● **Brief**:
Every line of the listing below from the one with "[교육안내] 21세기 디지털" up to and including the one with "根據(jù)《中華人民共和國" should be retyped exactly, and nothing else; pictures are not part of the copy.

━━━━━ Data extract

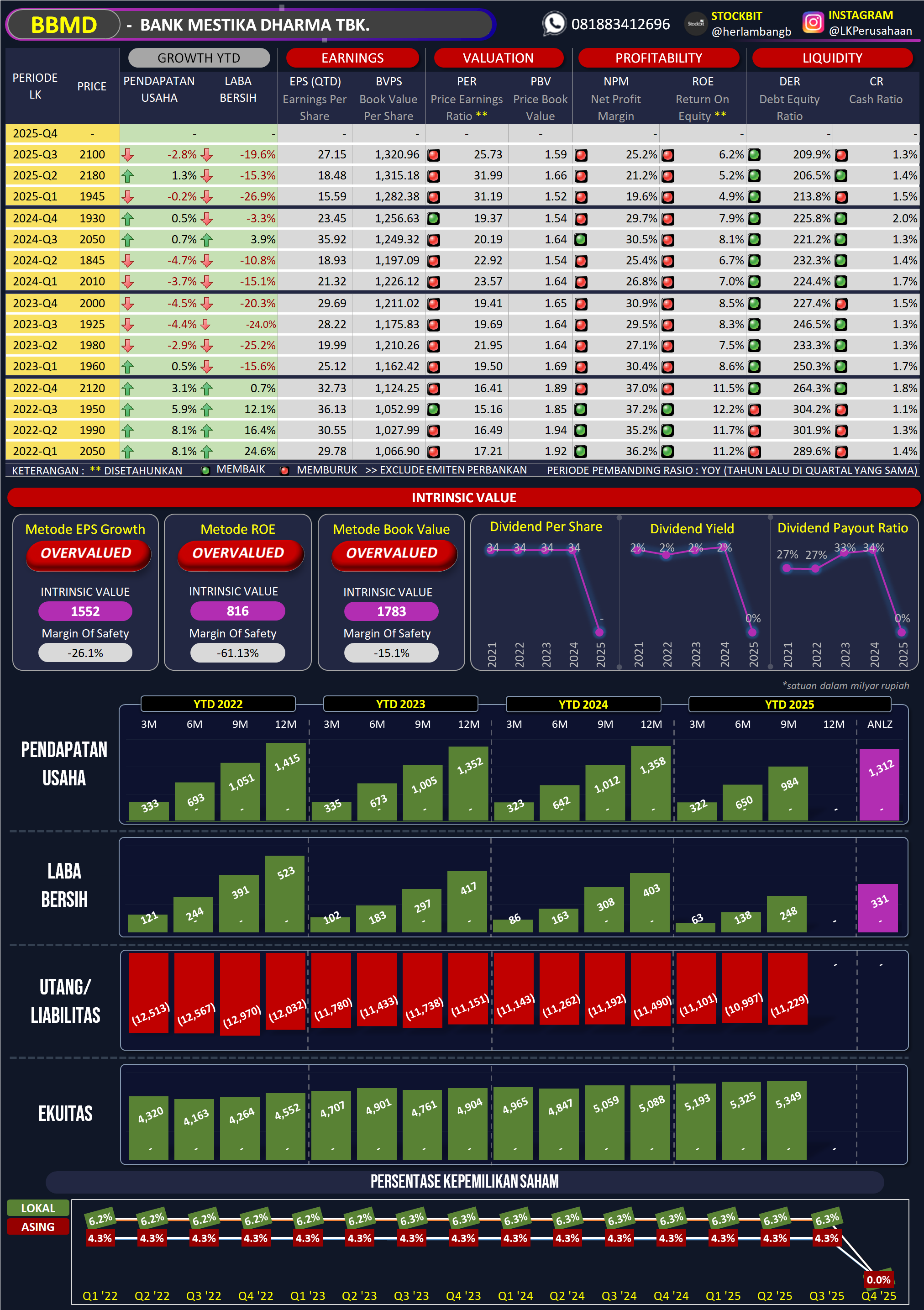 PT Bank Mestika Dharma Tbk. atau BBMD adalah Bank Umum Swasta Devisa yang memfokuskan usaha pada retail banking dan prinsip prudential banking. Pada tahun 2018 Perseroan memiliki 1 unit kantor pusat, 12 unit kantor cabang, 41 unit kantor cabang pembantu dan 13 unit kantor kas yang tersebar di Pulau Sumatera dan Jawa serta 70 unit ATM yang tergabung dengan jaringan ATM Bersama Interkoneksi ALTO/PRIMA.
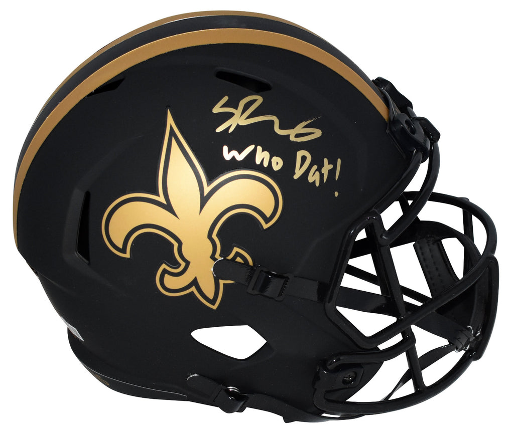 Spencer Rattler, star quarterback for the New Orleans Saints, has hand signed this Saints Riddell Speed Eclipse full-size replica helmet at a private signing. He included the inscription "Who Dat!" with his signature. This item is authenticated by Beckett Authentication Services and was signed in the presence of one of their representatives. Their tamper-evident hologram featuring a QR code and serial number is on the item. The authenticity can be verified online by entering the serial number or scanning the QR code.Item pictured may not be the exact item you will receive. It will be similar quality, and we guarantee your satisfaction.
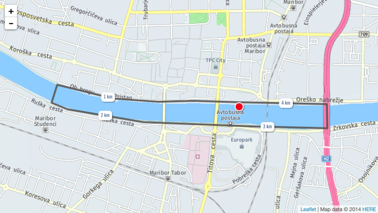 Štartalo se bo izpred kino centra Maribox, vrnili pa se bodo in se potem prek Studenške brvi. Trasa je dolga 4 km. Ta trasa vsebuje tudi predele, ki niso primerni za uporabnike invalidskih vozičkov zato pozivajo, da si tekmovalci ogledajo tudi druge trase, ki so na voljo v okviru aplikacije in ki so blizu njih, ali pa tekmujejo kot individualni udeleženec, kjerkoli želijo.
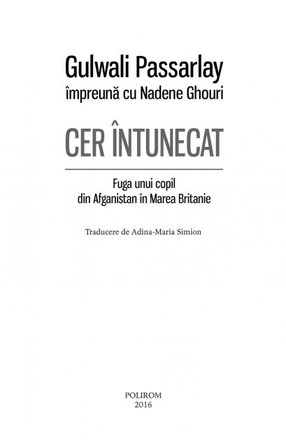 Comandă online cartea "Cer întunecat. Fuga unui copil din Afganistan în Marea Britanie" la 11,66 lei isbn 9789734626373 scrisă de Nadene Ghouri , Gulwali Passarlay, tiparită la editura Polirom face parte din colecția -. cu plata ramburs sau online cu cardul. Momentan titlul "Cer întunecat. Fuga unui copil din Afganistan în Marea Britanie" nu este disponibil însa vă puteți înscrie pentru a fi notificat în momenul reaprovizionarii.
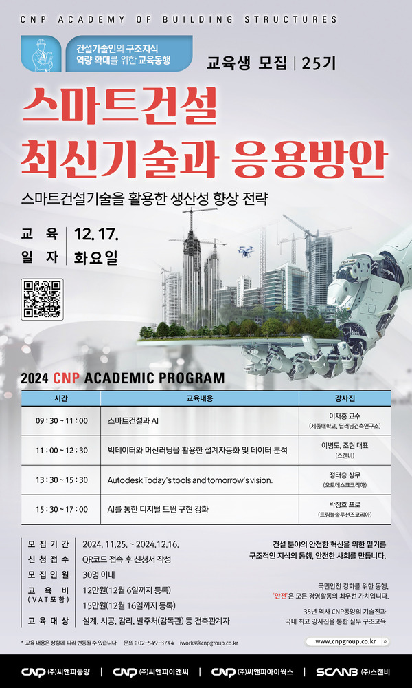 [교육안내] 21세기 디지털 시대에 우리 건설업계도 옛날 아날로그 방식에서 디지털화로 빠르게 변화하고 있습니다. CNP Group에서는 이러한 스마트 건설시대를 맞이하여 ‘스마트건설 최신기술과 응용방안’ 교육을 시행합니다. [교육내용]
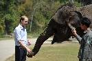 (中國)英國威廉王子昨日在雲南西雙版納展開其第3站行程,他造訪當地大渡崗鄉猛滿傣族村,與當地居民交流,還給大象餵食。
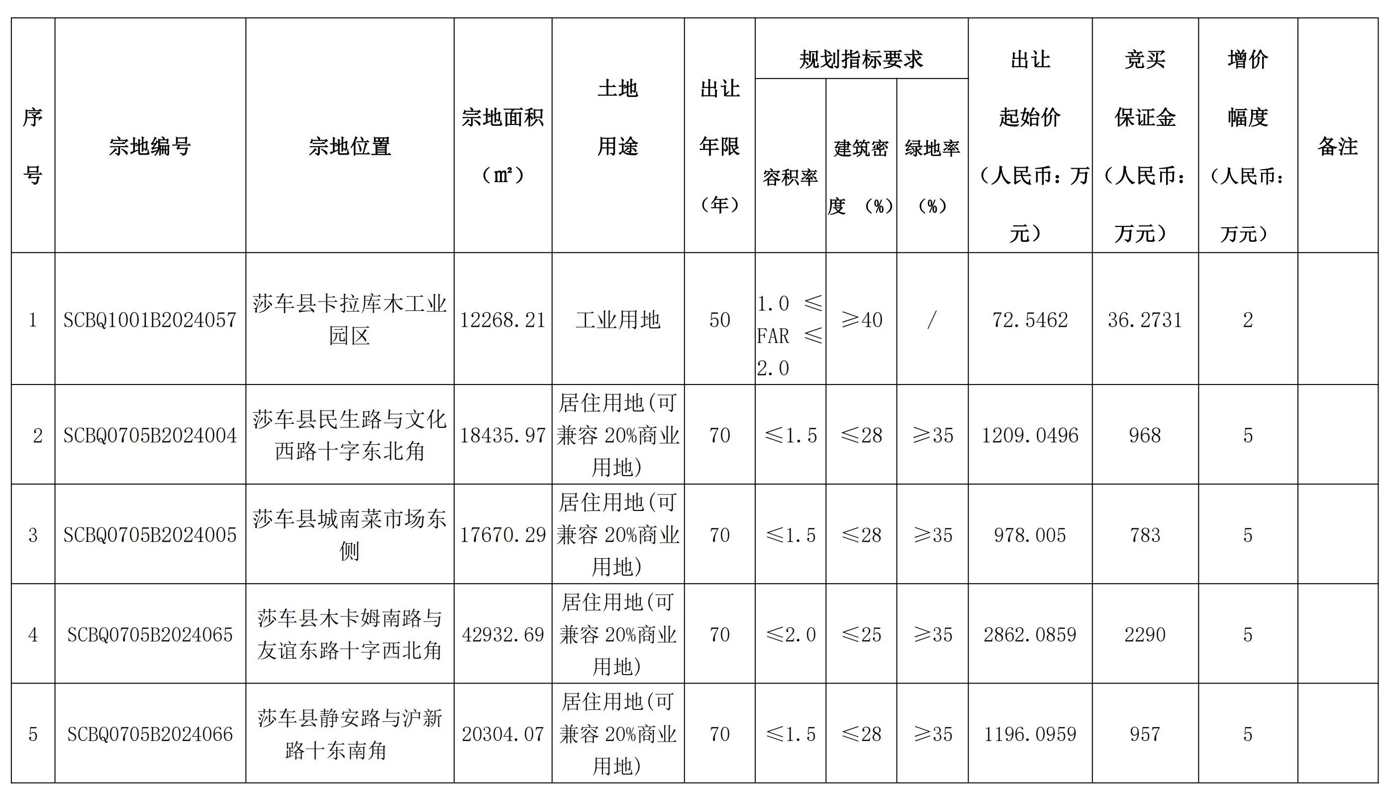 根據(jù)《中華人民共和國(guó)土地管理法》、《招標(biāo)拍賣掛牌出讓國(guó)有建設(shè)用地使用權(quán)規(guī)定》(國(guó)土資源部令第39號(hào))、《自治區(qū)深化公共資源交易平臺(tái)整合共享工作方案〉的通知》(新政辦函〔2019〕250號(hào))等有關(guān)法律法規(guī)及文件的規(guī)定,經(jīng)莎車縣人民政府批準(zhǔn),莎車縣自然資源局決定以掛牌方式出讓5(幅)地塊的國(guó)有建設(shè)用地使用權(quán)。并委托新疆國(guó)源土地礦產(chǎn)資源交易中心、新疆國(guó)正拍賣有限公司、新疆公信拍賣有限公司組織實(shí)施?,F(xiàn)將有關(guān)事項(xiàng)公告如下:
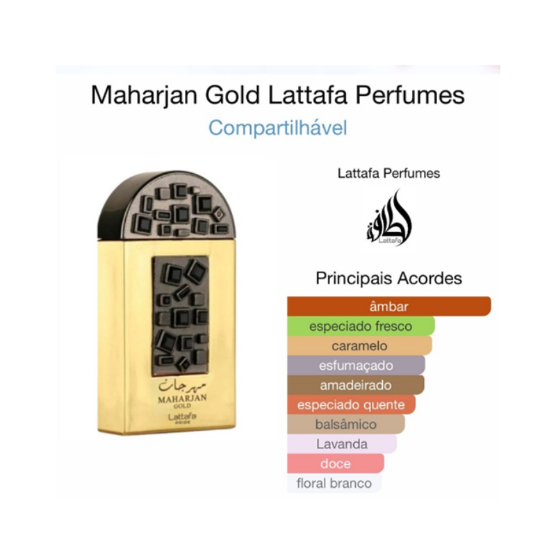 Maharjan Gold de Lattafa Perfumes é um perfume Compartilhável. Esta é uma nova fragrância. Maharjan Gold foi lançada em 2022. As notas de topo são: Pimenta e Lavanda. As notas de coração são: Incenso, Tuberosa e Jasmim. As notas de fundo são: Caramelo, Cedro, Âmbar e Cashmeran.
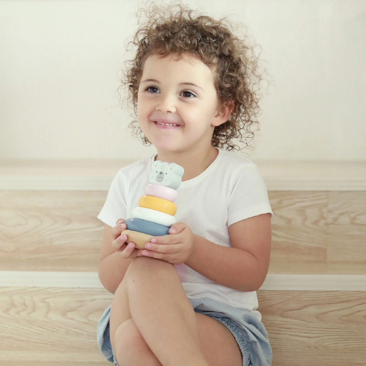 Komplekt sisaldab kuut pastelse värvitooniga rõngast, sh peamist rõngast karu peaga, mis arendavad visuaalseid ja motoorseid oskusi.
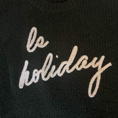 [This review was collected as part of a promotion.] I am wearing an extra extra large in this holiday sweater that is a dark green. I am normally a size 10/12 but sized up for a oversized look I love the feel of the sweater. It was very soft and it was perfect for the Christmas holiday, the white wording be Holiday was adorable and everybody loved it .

━━━━━━━━━━

● **Response area**:
 [교육안내] 21세기 디지털 시대에 우리 건설업계도 옛날 아날로그 방식에서 디지털화로 빠르게 변화하고 있습니다. CNP Group에서는 이러한 스마트 건설시대를 맞이하여 ‘스마트건설 최신기술과 응용방안’ 교육을 시행합니다. [교육내용]
 (中國)英國威廉王子昨日在雲南西雙版納展開其第3站行程,他造訪當地大渡崗鄉猛滿傣族村,與當地居民交流,還給大象餵食。
 根據(jù)《中華人民共和國(guó)土地管理法》、《招標(biāo)拍賣掛牌出讓國(guó)有建設(shè)用地使用權(quán)規(guī)定》(國(guó)土資源部令第39號(hào))、《自治區(qū)深化公共資源交易平臺(tái)整合共享工作方案〉的通知》(新政辦函〔2019〕250號(hào))等有關(guān)法律法規(guī)及文件的規(guī)定,經(jīng)莎車縣人民政府批準(zhǔn),莎車縣自然資源局決定以掛牌方式出讓5(幅)地塊的國(guó)有建設(shè)用地使用權(quán)。并委托新疆國(guó)源土地礦產(chǎn)資源交易中心、新疆國(guó)正拍賣有限公司、新疆公信拍賣有限公司組織實(shí)施?,F(xiàn)將有關(guān)事項(xiàng)公告如下:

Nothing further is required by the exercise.